Problem requirements »
The material below holds the lines to copy: from the one with "A single French" up to and including the one with "Шашлык из свиной шеи в томатном маринаде". Copy them exactly and skip the pictures.
Provided entries below:
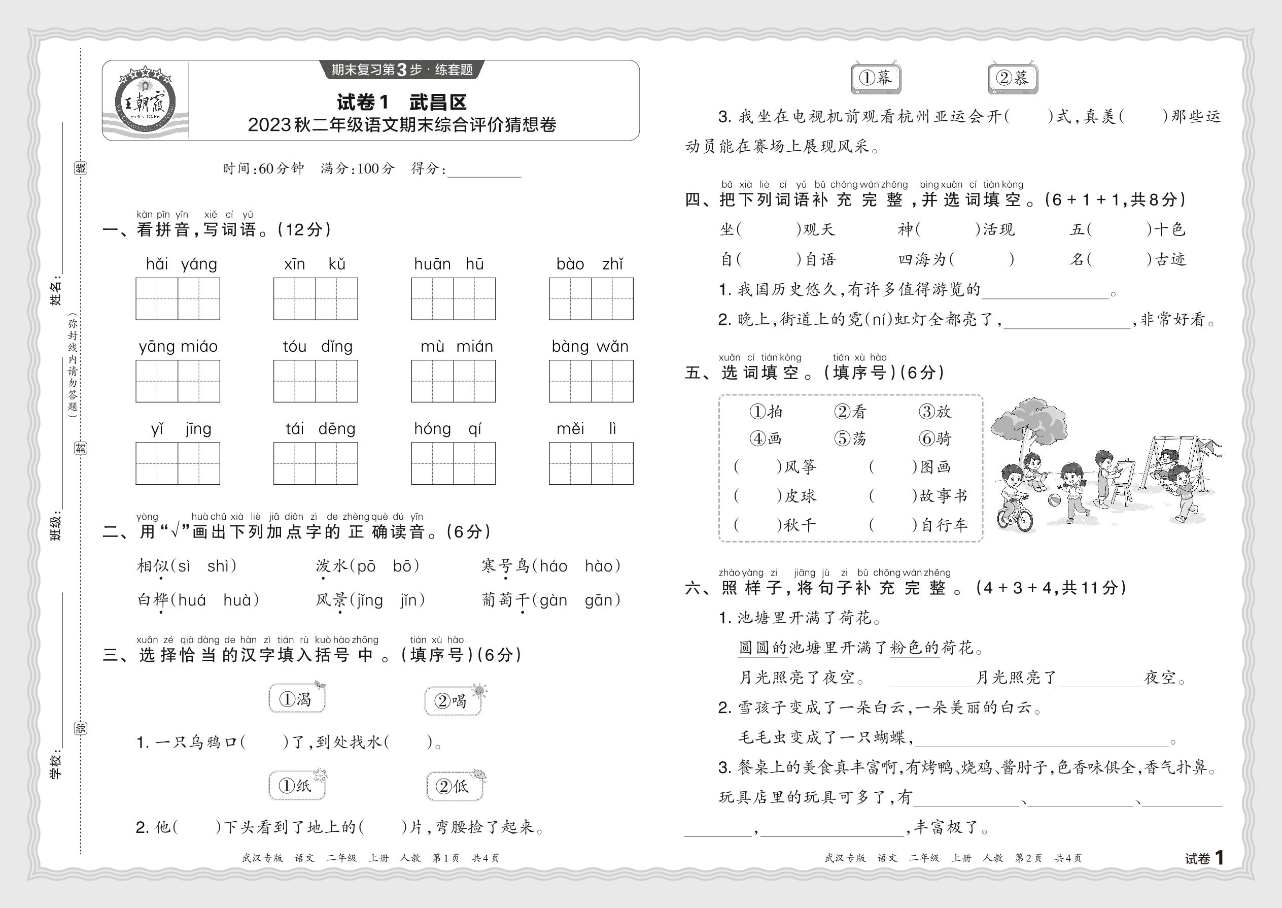 湖北省武汉市武昌区2023秋二年级语文期末综合评价猜想卷(人教版)【1】
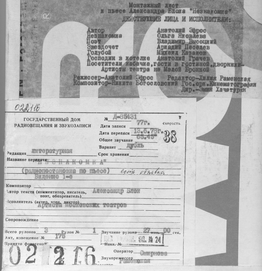Блок А - Незнакомка (инсц) 1-е и и 2-е видение (не полностью)
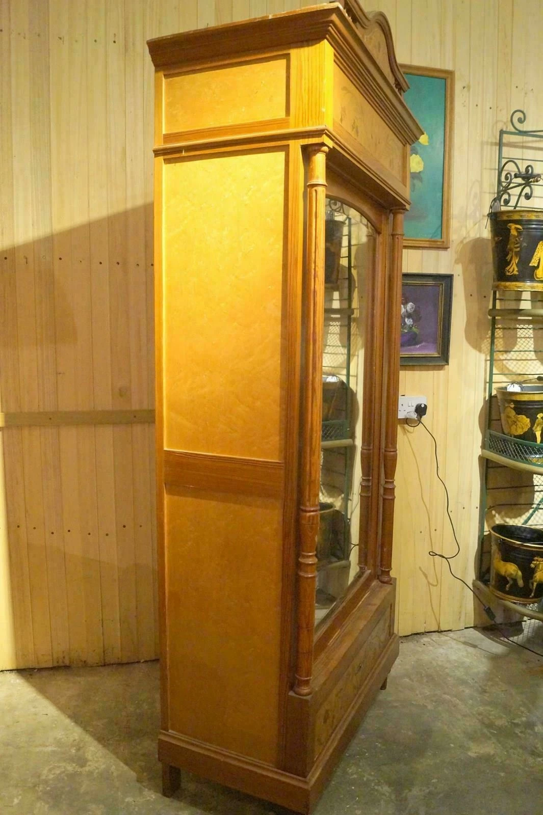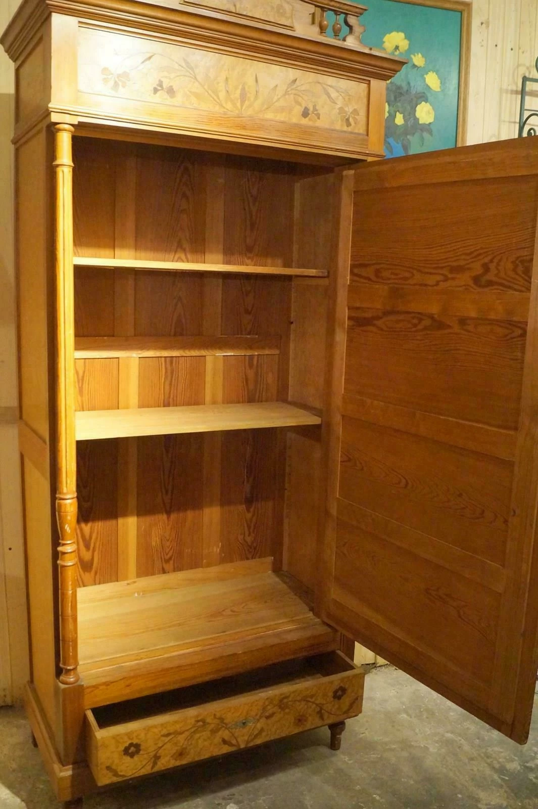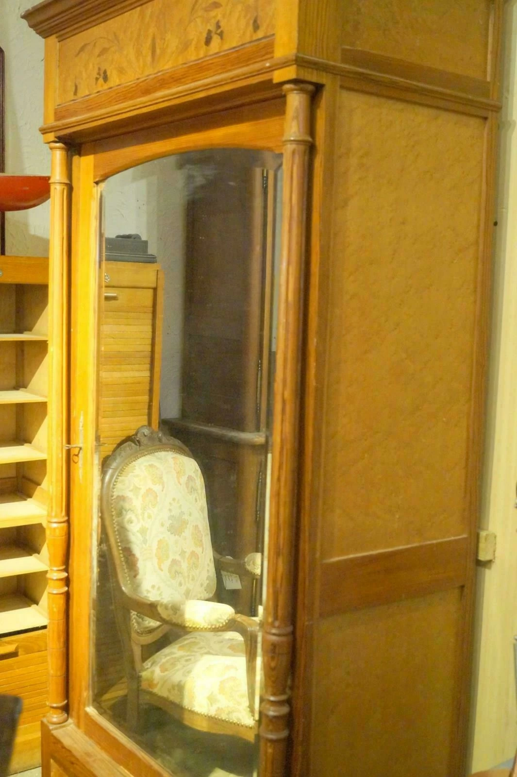 A single French armoire with shelving inside.
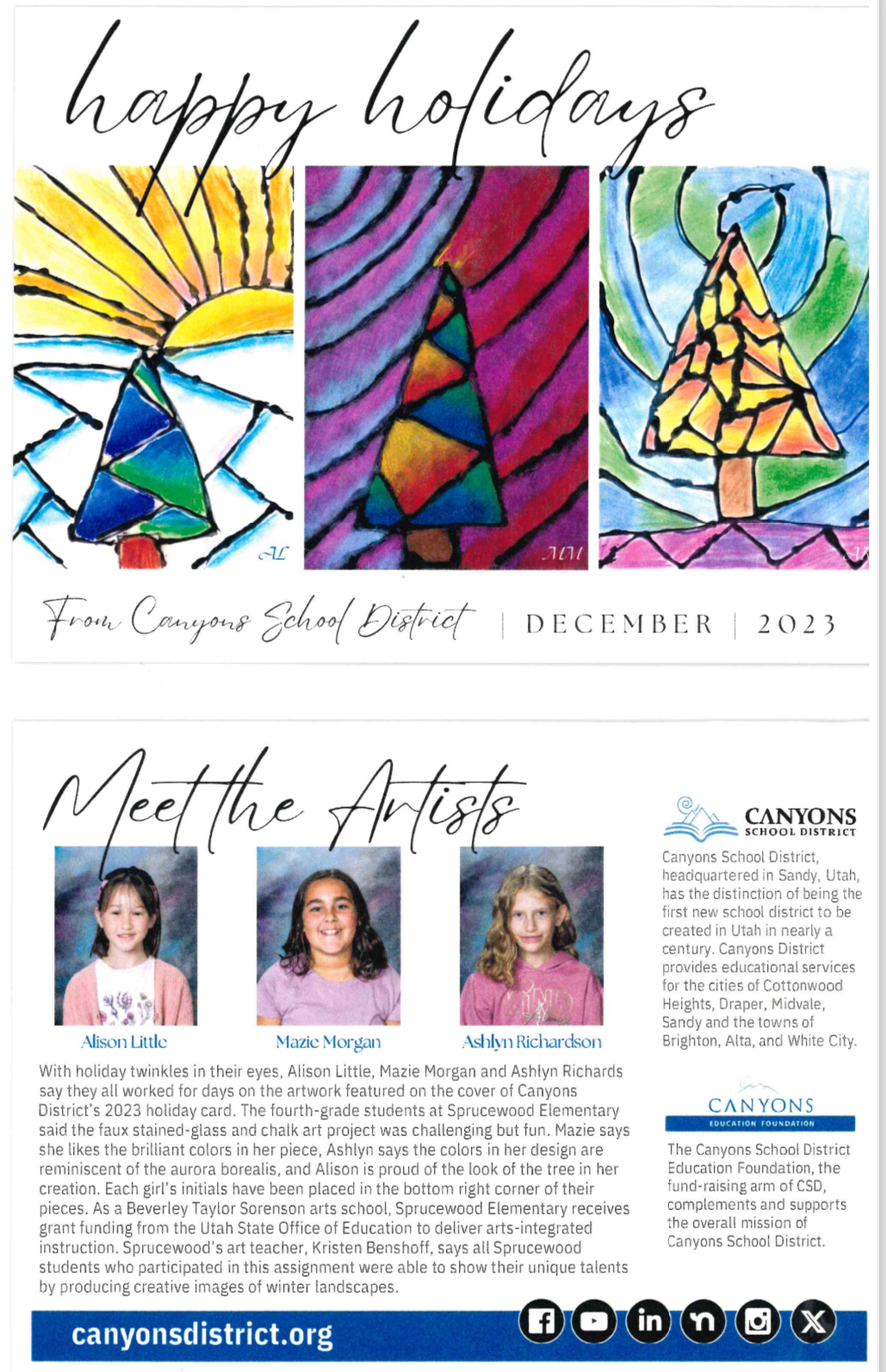 A trio of Sprucewood Elementary fourth-grader students created the design for the District’s 2023 holiday card, which has been sent to local mayors, city councils, legislators, CSD’s major donors, community partners, Utah’s Congressional delegation and the Office of First Lady Dr. Jill Biden at the White House.
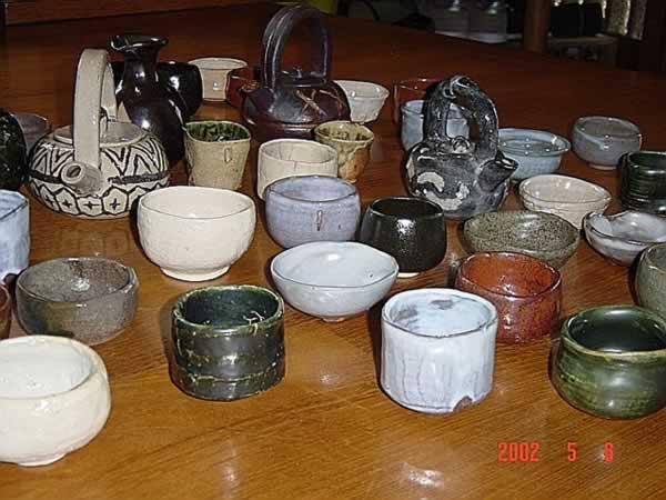 どびんの形ずくりが楽しいので何個も作りました。 象嵌模様もやってみました。 ぐい呑みは白、黒、黄、緑、赤など教室のうわ薬をいろいろ使いました。
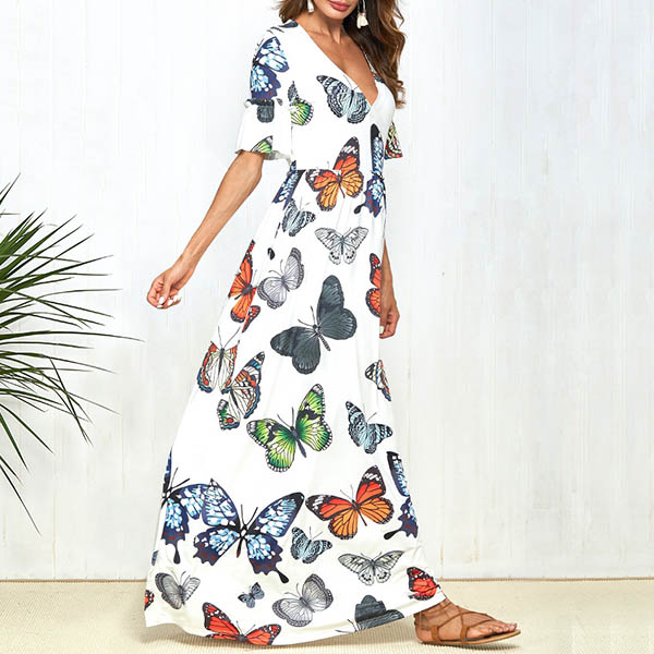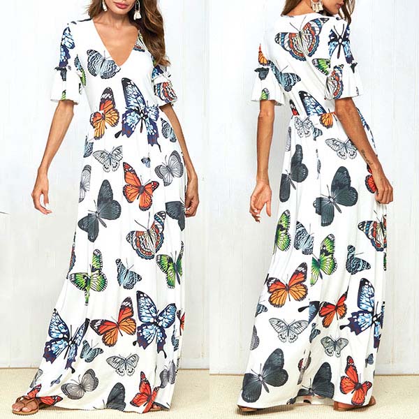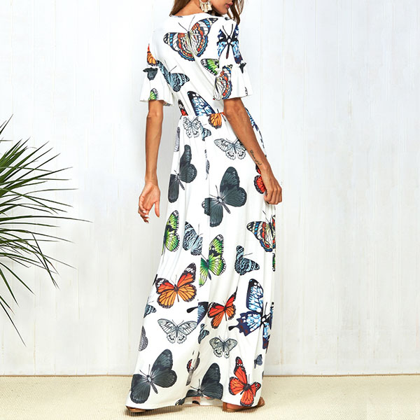 Embrace the sun-soaked weekends with this beautiful dress. The butterfly printed design makes this piece
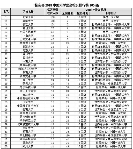 报告显示,在艾瑞深中国校友会网最新调查的1999-2017年福布斯、新财富等中国四大富豪榜上榜亿万富豪企业家中,即将迎来120周年校庆的北京大学培养造就了160名亿万富豪校友,雄居校友会2018中国大学富豪校友排行榜榜首。清华大学158人,屈居第2;北京大学、清华大学培养中国亿万富豪校友人数遥遥领先其他高校,是目前中国大学创新创业教育质量最高、校友商业成就最高的大学,堪称“中国亿万富豪摇篮”,是2018年全国高考立志将来经商创业、有志于成为企业家和商界精英的优秀考生的最佳选择。浙江大学104人,居第3;复旦大学72人,列第4;中国人民大学51人,居第5;中山大学49人,列第6;上海交通大学47人,居第7;华南理工大学38人,列第8;武汉大学33人,居第9;南京大学32人,居第10。
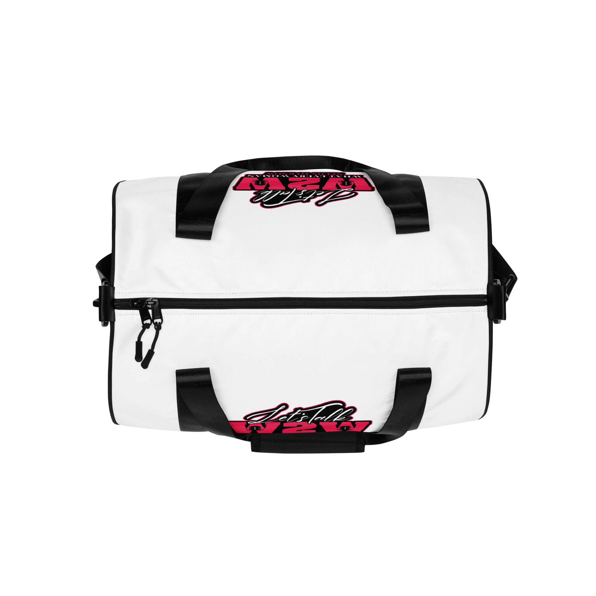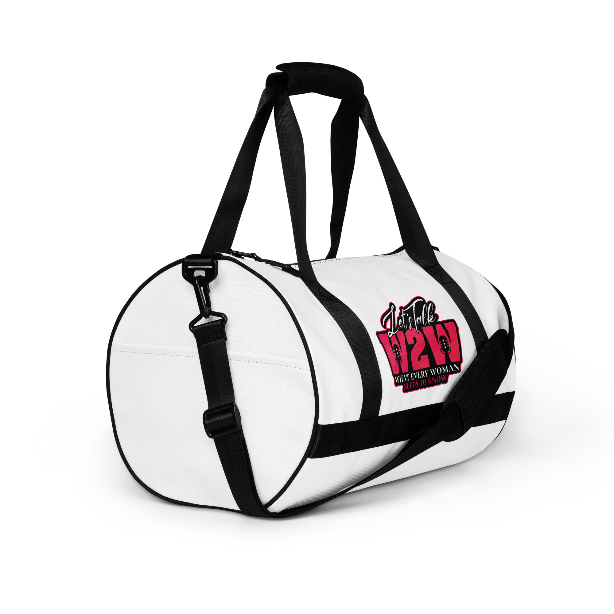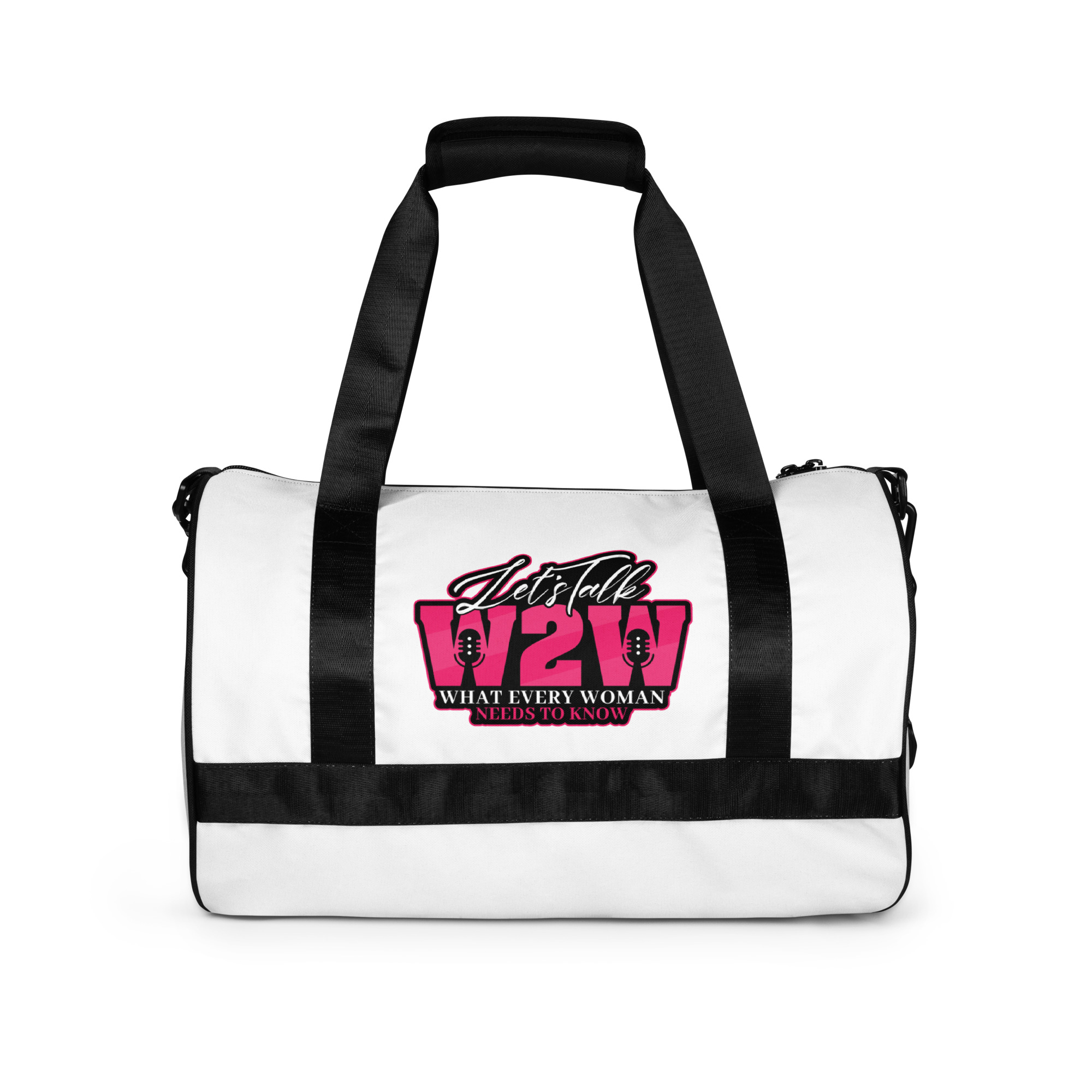 Ready to get your fitness on? Add some punch to pumping iron with this all-over print gym bag. Made from 100% polyester and sturdy, water-resistant fabric, this bag is fun meets function. And it’s got pockets!
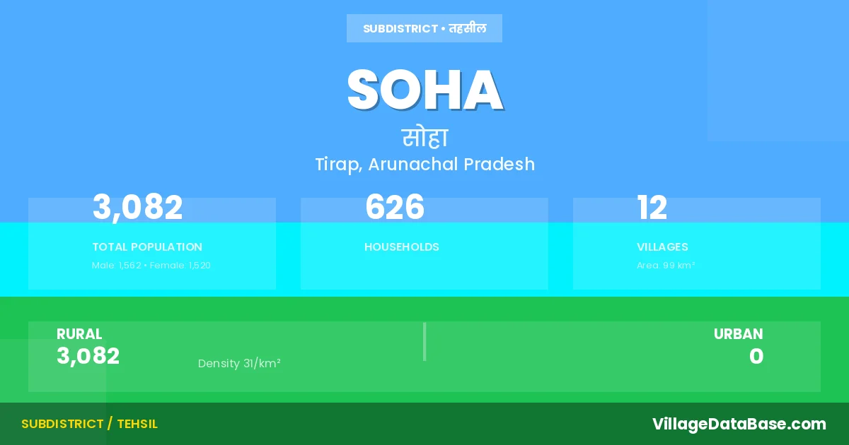 Soha is a town and Circle in the Tirap district of the Arunachal Pradesh. In India, a Circle is a subdivision of a district responsible for the administration and revenue collection of a specific area within the district. Circles play a crucial role in the local governance structure, contributing significantly to the development and administration of their communities.
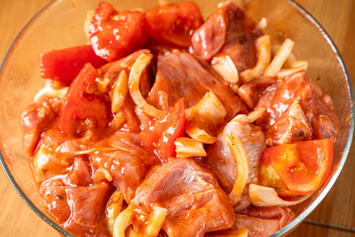 Шашлык из свиной шеи в томатном маринаде
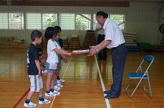 今回は、スポーツテストでの体力賞(A判定)で、1年生のKくん、2年生のYくん、5年生のTくんとJさんが表彰されました。
End of Provided entries.
Answer »
 A single French armoire with shelving inside.
 A trio of Sprucewood Elementary fourth-grader students created the design for the District’s 2023 holiday card, which has been sent to local mayors, city councils, legislators, CSD’s major donors, community partners, Utah’s Congressional delegation and the Office of First Lady Dr. Jill Biden at the White House.
 どびんの形ずくりが楽しいので何個も作りました。 象嵌模様もやってみました。 ぐい呑みは白、黒、黄、緑、赤など教室のうわ薬をいろいろ使いました。
 Embrace the sun-soaked weekends with this beautiful dress. The butterfly printed design makes this piece
 报告显示,在艾瑞深中国校友会网最新调查的1999-2017年福布斯、新财富等中国四大富豪榜上榜亿万富豪企业家中,即将迎来120周年校庆的北京大学培养造就了160名亿万富豪校友,雄居校友会2018中国大学富豪校友排行榜榜首。清华大学158人,屈居第2;北京大学、清华大学培养中国亿万富豪校友人数遥遥领先其他高校,是目前中国大学创新创业教育质量最高、校友商业成就最高的大学,堪称“中国亿万富豪摇篮”,是2018年全国高考立志将来经商创业、有志于成为企业家和商界精英的优秀考生的最佳选择。浙江大学104人,居第3;复旦大学72人,列第4;中国人民大学51人,居第5;中山大学49人,列第6;上海交通大学47人,居第7;华南理工大学38人,列第8;武汉大学33人,居第9;南京大学32人,居第10。
 Ready to get your fitness on? Add some punch to pumping iron with this all-over print gym bag. Made from 100% polyester and sturdy, water-resistant fabric, this bag is fun meets function. And it’s got pockets!
 Soha is a town and Circle in the Tirap district of the Arunachal Pradesh. In India, a Circle is a subdivision of a district responsible for the administration and revenue collection of a specific area within the district. Circles play a crucial role in the local governance structure, contributing significantly to the development and administration of their communities.
 Шашлык из свиной шеи в томатном маринаде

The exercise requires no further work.